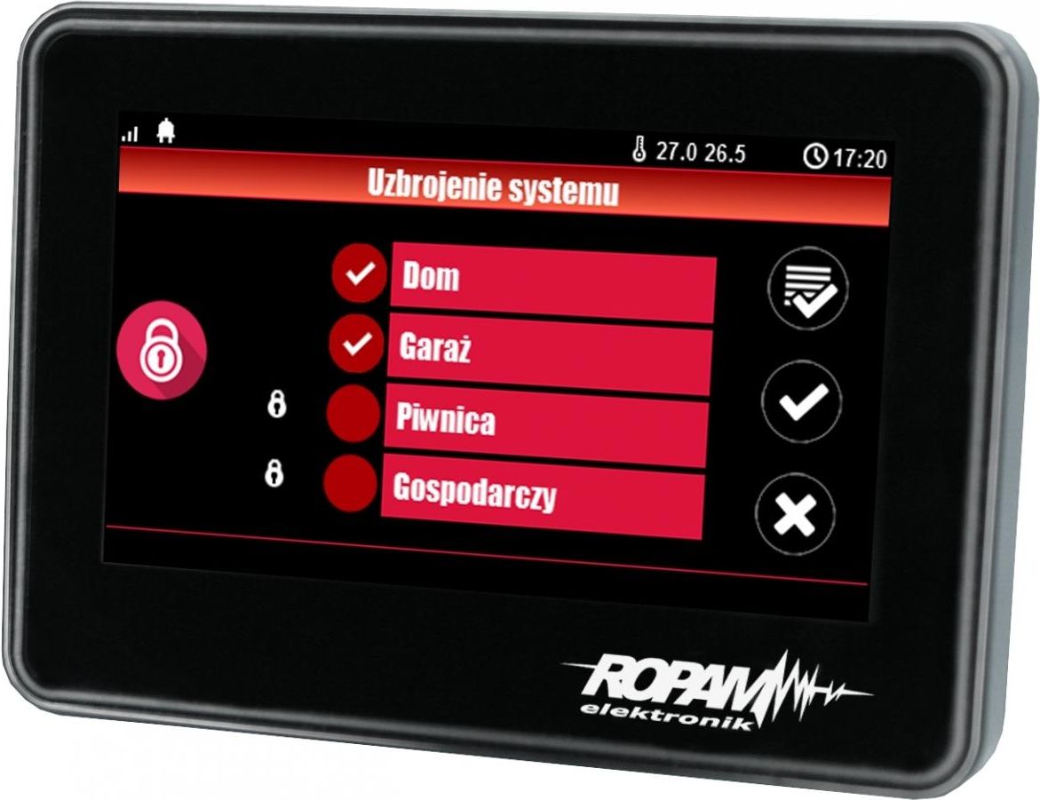 Panel dotykowy TPR-4 to nowoczesny element sterowania i kontroli systemu alarmowego, przeznaczony do systemu OptimaGSM. Nowoczesna stylistyka, sprawdzona technologia wraz z efektownym kolorowym wyświetlaczem LCD doskonale nadaje się do aranżacji w większości wnętrz i pomieszczeń. Intuicyjny i przejrzysty interfejs, powoduje, że sterowanie systemem alarmowym i automatyka domową nigdy nie było tak proste. Główne cechy: kolorowy wyświetlacz 4,3” TFT LCD, LED, o wysokim kontraście i jasności, estetyczne i ekskluzywne wykonanie: zintegrowany szklany panel z wyświetlaczem w niskoprofilowej obudowie, panel dotykowy „TouchPanel”, bez mechanicznych styków, pojemnościowy, obsługa gestów, interaktywne graficzne menu z piktogramami (ikonami), dwa ekrany z możliwością dowolnego umieszczenia piktorgramów, wg. wymagań aplikacji lub użytkownika, wizualizacja i sterowanie automatyką domową, funkcja termostatu pokojowego (2 niezależne), kalendarz tygodniowy, pięć profili temperatury,, cztery przedziały dzienne, synchronizacja na wybranych panelach i aplikacji mobilnej (IP), funkcja losowego układu klawiatury numerycznej, tekstowe podpowiedzi dla danych funkcji, pasek dodatkowych informacji o stanie systemu, sygnalizacja akustyczna, wygaszacz ekranu z funkcją kalendarza, zegara i aktualnej temperatury, dwa wejścia alarmowe, funkcja rejestratora temperatury LoggerTemp: zapis historii temperatury na karcie SD, (txt) i/lub podgląd histogramu w trybie wygaszacza ekranu, magistrala EIA-485 do komunikacji z centralami, protokół RopamNET, lokalny port USB micro do aktualizacji firmware, zabezpieczenie antysabotażowe obudowy, wymiary:122x88x17 mm (WxHxD) (bez złącz), kolor obudowy, ramki: biały RAL9004. Zastosowanie: Panele dotykowe serii TPR-4 i inne urządzenia dodatkowe to idealne rozwiązanie dla obiektów mieszkalnych i małych obiektów komercyjnych. Nowoczesna stylistyka, sprawdzona technologia panelu dotykowego z efektownym kolorowym wyświetlaczem LCD doskonale nadaje się do komponowania w większości wnętrz i pomieszczeń. Intuicyjny i przejrzystyinterfejs, powoduje, że sterowanie systemem alarmowym/automatyką domową nigdy nie było tak proste jak z panelami dotykowymi serii TPR-4. Panel dotykowy w połączeniu z centralami serii: OPTIMAGSM pozwala na zbudowanie w pełni funkcjonalnego systemu alarmowego/automatyki domowej. Elastyczne funkcje pozwalają ponadto na stosowanie w systemach, w których wykorzystuję się kontrolę sygnałów binarnych, temperaturę, wilgotności wymagana jest weryfikacja wizualna a przesyłanie informacji opiera się na SMS, VOICE, MMS, e-mail
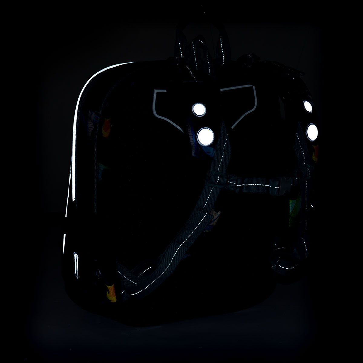 Batoh má dvě hlavní objemné komory. Zadní komora batohu je širší, radíme do ní umístit nejtěžší učivo a směrem dopředu odlehčovat. V přední komoře je umístěna síťová kapsa na zip a jmenovka. Do přední hluboké kapsy na čele batohu se vejde třeba krabička na svačinku, nebo penál ve stejném designu. Do bočních kapes se vejdou lahvičky o objemu 0,5 litru.
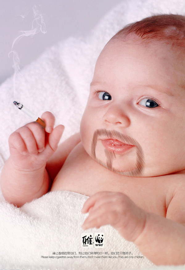 研究表明,如果孩子在吸煙環境下長大,其動脈會早衰,在成年后患心血管病的風險也會升高。設計師用這樣一張詼諧的作品表達了讓孩子遠離二手煙的嚴肅話題,希望能夠呼吁更多人給孩子創造一片清新世界。(圖/花瓣網設計達人「xiaour_z」公益廣告作品)

▸ **What you have to do**: Set down word for word the lines beginning with the one containing "Batoh má dvě" and ending with the last line of the listing, inclusive. Omit every picture.

▸ **Exercise solution**:
 Batoh má dvě hlavní objemné komory. Zadní komora batohu je širší, radíme do ní umístit nejtěžší učivo a směrem dopředu odlehčovat. V přední komoře je umístěna síťová kapsa na zip a jmenovka. Do přední hluboké kapsy na čele batohu se vejde třeba krabička na svačinku, nebo penál ve stejném designu. Do bočních kapes se vejdou lahvičky o objemu 0,5 litru.
 研究表明,如果孩子在吸煙環境下長大,其動脈會早衰,在成年后患心血管病的風險也會升高。設計師用這樣一張詼諧的作品表達了讓孩子遠離二手煙的嚴肅話題,希望能夠呼吁更多人給孩子創造一片清新世界。(圖/花瓣網設計達人「xiaour_z」公益廣告作品)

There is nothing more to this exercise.